Julian Assange Still Faces Arrest if He Leaves the Ecuadorean Embassy After Bid for Warrant to Be Lifted Fails

Updated| WikiLeaks founder Julian Assange has lost his bid to have a police arrest warrant lifted.

At a Tuesday hearing at London's Westminster Magistrates Court, Senior District Judge Emma Arbuthnot dismissed arguments by Assange's legal team against the arrest warrant, issued when Assange jumped bail in 2012.

Julian Assange
WikiLeaks founder Julian Assange makes a speech from the balcony of the Ecuadorean Embassy, in central London, on February 5, 2016. Assange has been holed up at the embassy for five years after skipping bail. Peter Nicholls/Reuters

Assange's legal team argued that it was no longer in British interests to seek Assange's arrest, after Swedish authorities dropped their request to question him over the rape allegations that U.K. police initially had detained him for.

Arbuthnot described Assange as "a man who wants to impose his own terms on the course of justice, whether the course of justice is in this jurisdiction or Sweden.

"He appears to consider himself above the normal rules of law and wants justice only if it goes in his favor."

Arbuthnot said she finds "arrest is a proportionate response" to Assange's actions.

"Defendants on bail up and down the country, and requested persons facing extradition, come to court to face the consequences of their own choices," she said.

"He should have the courage to do the same," she added.

Assange took refuge in 2012 in the Ecuadorean Embassy in London, where he has been holed up ever since. He claims the rape allegations were politically motivated, and could result in his extradition to the U.S., where he says he could be prosecuted for WikiLeaks' release of thousands of U.S. diplomatic cables.

Had he won, Assange would have been free to walk from the embassy without being arrested.

Arbuthnot said she did not believe Assange's fears of extradition to the U.S. were "reasonable."

Assange maintains that his stay in the embassy has damaged his health, claims Arbuthnot also dismissed.

"Mr.

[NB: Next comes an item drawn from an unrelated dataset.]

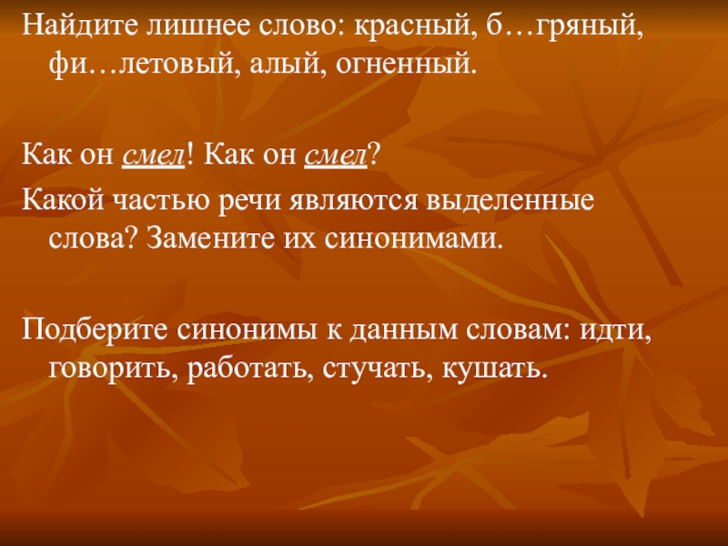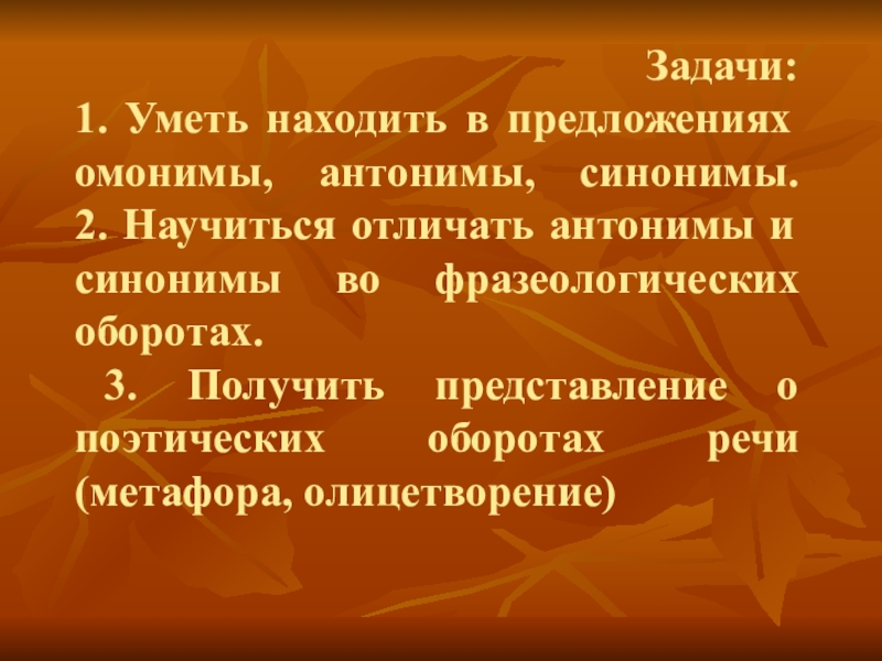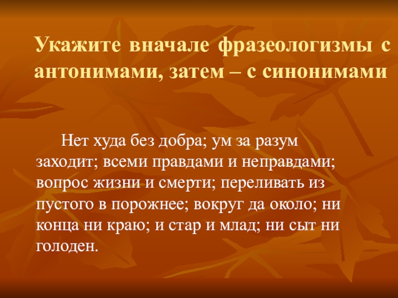 Укажите вначале фразеологизмы с антонимами, затем – с синонимами

Assange's health problems could be a lot worse," said Arbuthnot, as quoted by ABC. "I do not believe there is no sunlight. I've seen numerous photos of him on the balcony."

The judgment is the second time in weeks that Assange has lost a challenge to his arrest warrant.

In 2016, a United Nations human rights panel found that Assange's stay in the embassy constituted a violation of his rights and a "deprivation of liberty."

The U.K.'s Foreign Office condemned this, stating at the time it "completely rejects any claim that Julian Assange is a victim of arbitrary detention."

It added Assange was "in fact, voluntarily avoiding lawful arrest by choosing to remain in the Ecuadorean Embassy."

* This story was updated on February 13 to include further quotes from Judge Arbuthnot's ruling.